3 minute read
Building resilience to navigate uncertainty
How can you ensure your business is best set up to help you achieve the ambitions you have for it? One of the founding fathers of the United States, Benjamin Franklin coined the wellworn phrase ‘By failing to prepare, you are preparing to fail,’ and in terms of running a business, there may be no better guiding principle.
With Covid, the cost-of-living crisis, geopolitical uncertainty and high interest rates, businesses have had a lot to contend with in the last few years. Although signs point to inflation being tamed and interest rates coming down, there will always be challenges that test the resilience and resolve of business owners.
Covid’s impact on the economy was massive, with banks doing more than ten years' worth of lending volumes in just one year. It means one in three SMEs have become heavily indebted through no fault of their own and this has strained cashflow for many.
Against this backdrop owners must embrace creating resilience within their businesses by planning for an uncertain future. With Franklin’s adage in mind, there are three areas of their business that owners should consider ensuring they’re prepared for whatever the economy throws at them.
Routes to resilience
Financial resilience is probably the most important of the three; business can’t work without cash and capital. The cost of running your business will rise, so consider how you will cope with these increasing costs. It might be prudent to prepare for an environment where interest rates are higher for longer, for example.
Managing working capital and cashflow should be an ongoing process, especially during challenging times. Revenues will always be at risk, but knowing your customers and making it hard for them to leave reduces that risk.
Understanding a customer’s financials, cashflow, and pain points can help to improve customer service and retain them.
Building operational resilience relies on four elements – suppliers, people, technology and strategy – to help a company pivot when needed. For businesses with hard-wired, inflexible and intertwined supply chains, flexibility can be created by having multiple product lines, being less reliant on fixed costs and buying plant and machinery which is multipurpose or multifunctional. For the latter, business owners may require a new mindset when planning for change. Spending a little more and utilising financing options strategically would increase the company's ability to adapt.
Creating resilience is also about creating a workforce with the skills to pivot with the company when required. Successful businesses tend to rotate the workforce to increase their skills and understanding, readying them to adapt quickly if and when the firm needs to change direction. Leadership and personal resilience is inherent in SME owners, often demonstrated by their desire to start up, scale up and stay ahead in business. To strengthen business resilience though, you also need vision and the ability to learn quickly from setbacks.

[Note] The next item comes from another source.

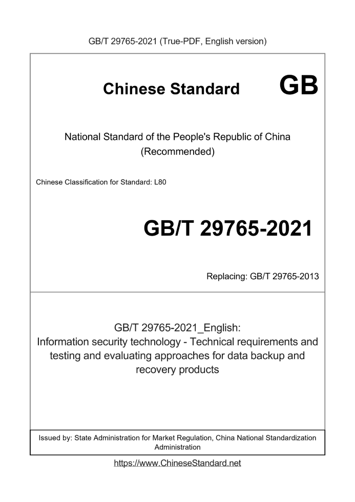 Delivery: <= 5 days. True-PDF full-copy in English will be manually translated and delivered via email. GB/T 29765-2021: Information security technology - Technical requirements and testing and evaluating approaches for data backup and recovery products Status: Valid GB/T 29765: Historical versions

Producing a resilience playbook
It's worth setting some time aside to work out a resilience playbook for your business. This can be any document containing clear, targeted and measurable short, medium and long-term actions that you can take to prepare your business for future challenges. You’re figuring out how you might mitigate risks or take advantage of potential opportunities. The most resilient businesses deliberately keep short-term and medium-term actions aligned with their long-term vision.
Remember: planning is not a way to predict the future, but rather a means to prepare for it.
Short-term actions could include identifying revenues that might be at risk and scrutinising discretionary spending, which is different for every business. Resilient businesses regularly consider this and are ruthless about stopping it if it is not directly contributing to their commercial objectives. For example, those with well-established brands can probably reduce marketing budget without too much impact but if you're a new business trying to gain a foothold in a market, it’s probably the last thing you should do.
For operational resilience, consider how you might build some flexibility amongst your staff to take on other roles within your business in the medium term. How could you also strengthen your core relationships? Long term, you might consider how you could invest for growth and introduce new pricing models. How can you invest in automation or in new skills, for example, to grow your business?
Working on solutions to potential business risks ahead of them happening will make your business more resilient. Let Franklin's famous words guide you: don't fail to prepare.